What they found was not encouraging. They were indeed in some kind of storeroom, though whatever had been kept in here once was long gone, leaving only dust. The walls were smooth stone, cut straight from the bedrock, and came to an end just above Salim’s head with a ceiling of the same style. The entire room was no more than twelve feet across in either direction, and everywhere S
alim knocked, his fist struck with the dull report of solidity—if there were other chambers neighboring this one, there was plenty of stone between them. The door was nearly as stout, and though Salim knew little enough about locks—personally, he was more fond of kicking doors down—the little he could feel of the keyhole and the blank plate surrounding it told him the church hadn’t skimped on security.

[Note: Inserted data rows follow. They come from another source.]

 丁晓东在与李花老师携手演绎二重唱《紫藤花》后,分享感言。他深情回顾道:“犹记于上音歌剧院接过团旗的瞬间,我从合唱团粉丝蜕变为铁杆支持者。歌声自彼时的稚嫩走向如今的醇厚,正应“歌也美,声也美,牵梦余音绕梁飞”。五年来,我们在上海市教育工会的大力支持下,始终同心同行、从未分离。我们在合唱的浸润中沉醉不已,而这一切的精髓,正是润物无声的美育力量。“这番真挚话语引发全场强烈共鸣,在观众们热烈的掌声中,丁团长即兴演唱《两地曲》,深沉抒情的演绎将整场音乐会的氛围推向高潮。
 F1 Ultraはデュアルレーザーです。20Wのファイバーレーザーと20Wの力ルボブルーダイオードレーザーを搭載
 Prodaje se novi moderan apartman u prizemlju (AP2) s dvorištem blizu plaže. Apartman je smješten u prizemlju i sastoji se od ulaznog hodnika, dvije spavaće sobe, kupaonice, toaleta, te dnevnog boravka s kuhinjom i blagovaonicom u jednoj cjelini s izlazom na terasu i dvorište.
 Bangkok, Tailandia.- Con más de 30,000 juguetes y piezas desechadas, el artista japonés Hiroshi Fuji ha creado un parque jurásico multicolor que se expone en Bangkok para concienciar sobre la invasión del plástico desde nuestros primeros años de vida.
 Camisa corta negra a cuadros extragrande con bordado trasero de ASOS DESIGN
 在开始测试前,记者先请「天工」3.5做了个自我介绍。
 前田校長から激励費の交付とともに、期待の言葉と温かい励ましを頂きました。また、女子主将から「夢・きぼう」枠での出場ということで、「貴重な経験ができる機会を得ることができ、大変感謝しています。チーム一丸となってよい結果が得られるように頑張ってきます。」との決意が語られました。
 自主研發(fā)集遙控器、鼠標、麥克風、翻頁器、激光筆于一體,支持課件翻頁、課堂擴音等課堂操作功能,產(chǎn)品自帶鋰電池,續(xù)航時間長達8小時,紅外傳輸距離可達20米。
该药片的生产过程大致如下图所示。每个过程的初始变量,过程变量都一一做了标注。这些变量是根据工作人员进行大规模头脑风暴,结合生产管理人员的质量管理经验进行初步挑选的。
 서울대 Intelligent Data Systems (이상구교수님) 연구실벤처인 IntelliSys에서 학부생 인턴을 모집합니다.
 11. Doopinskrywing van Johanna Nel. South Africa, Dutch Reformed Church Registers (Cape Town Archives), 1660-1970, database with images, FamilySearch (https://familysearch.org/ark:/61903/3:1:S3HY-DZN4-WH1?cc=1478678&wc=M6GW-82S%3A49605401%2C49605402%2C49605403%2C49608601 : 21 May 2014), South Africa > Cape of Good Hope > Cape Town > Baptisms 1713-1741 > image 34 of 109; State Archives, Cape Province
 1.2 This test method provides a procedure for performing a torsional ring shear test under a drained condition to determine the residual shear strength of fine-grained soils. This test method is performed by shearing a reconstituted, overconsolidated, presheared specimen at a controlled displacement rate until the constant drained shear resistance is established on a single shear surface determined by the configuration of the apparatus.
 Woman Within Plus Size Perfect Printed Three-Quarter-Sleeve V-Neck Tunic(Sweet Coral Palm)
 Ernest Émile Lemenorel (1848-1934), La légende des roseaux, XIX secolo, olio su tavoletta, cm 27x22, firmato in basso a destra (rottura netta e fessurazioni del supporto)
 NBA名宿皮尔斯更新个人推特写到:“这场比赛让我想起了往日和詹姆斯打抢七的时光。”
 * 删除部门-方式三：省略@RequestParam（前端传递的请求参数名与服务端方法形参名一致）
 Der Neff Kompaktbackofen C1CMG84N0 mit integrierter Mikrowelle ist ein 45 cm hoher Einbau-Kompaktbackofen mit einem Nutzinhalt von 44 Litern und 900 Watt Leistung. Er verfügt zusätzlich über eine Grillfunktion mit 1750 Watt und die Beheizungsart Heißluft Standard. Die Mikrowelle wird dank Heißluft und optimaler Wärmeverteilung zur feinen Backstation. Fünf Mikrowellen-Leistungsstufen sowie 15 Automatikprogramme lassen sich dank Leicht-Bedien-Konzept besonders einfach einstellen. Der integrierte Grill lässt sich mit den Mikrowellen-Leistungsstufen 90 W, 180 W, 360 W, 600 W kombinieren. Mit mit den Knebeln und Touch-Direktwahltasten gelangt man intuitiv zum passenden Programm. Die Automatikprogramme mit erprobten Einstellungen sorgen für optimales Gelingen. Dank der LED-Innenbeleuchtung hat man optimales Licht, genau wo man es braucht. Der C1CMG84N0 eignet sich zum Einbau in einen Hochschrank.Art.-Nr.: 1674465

Their supply situation was even worse. In tallying up what they’d been left with, it became clear that they’d both been searched with remarkable efficiency. Salim was momentarily surprised, then realized that men who prepared corpses for a living were probably quite used to checking over inert bodies, making sure that no one was accidentally buried with a potential contribution to the church coffers still in his pockets. Though they’d been left their clothes—certainly no one would want to be accused of impropriety at an execution—everything else that might be useful had been rooted out and removed. In addition to their weapons and belt pouches, the priests had taken Salim’s magical amulet and both of their sets of shoes. They’d even removed the ribbon that had helped lace up the neck of Neila’s dress. Perhaps they thought she’d try to garrote someone with it, or strangle herself and rob them of their justice. Somehow Salim doubted Khoyar was overly worried about the latter. But other than the two prisoners and the clothes on their backs, the cell was empty, without so much as a basin to relieve themselves in.
When they were done searching both the walls and themselves, the two inmates hunkered down next to each other, listening at the door. After several minutes of perfect silence, they gave up. Either there was some sort of magic blocking the sound or, more likely, Khoyar hadn’t bothered to set a guard directly in front of the door. It was, in retrospect, a wise choice—any guard that could communicate with them might be convinced to hear them out, and they were bottled tight as it was.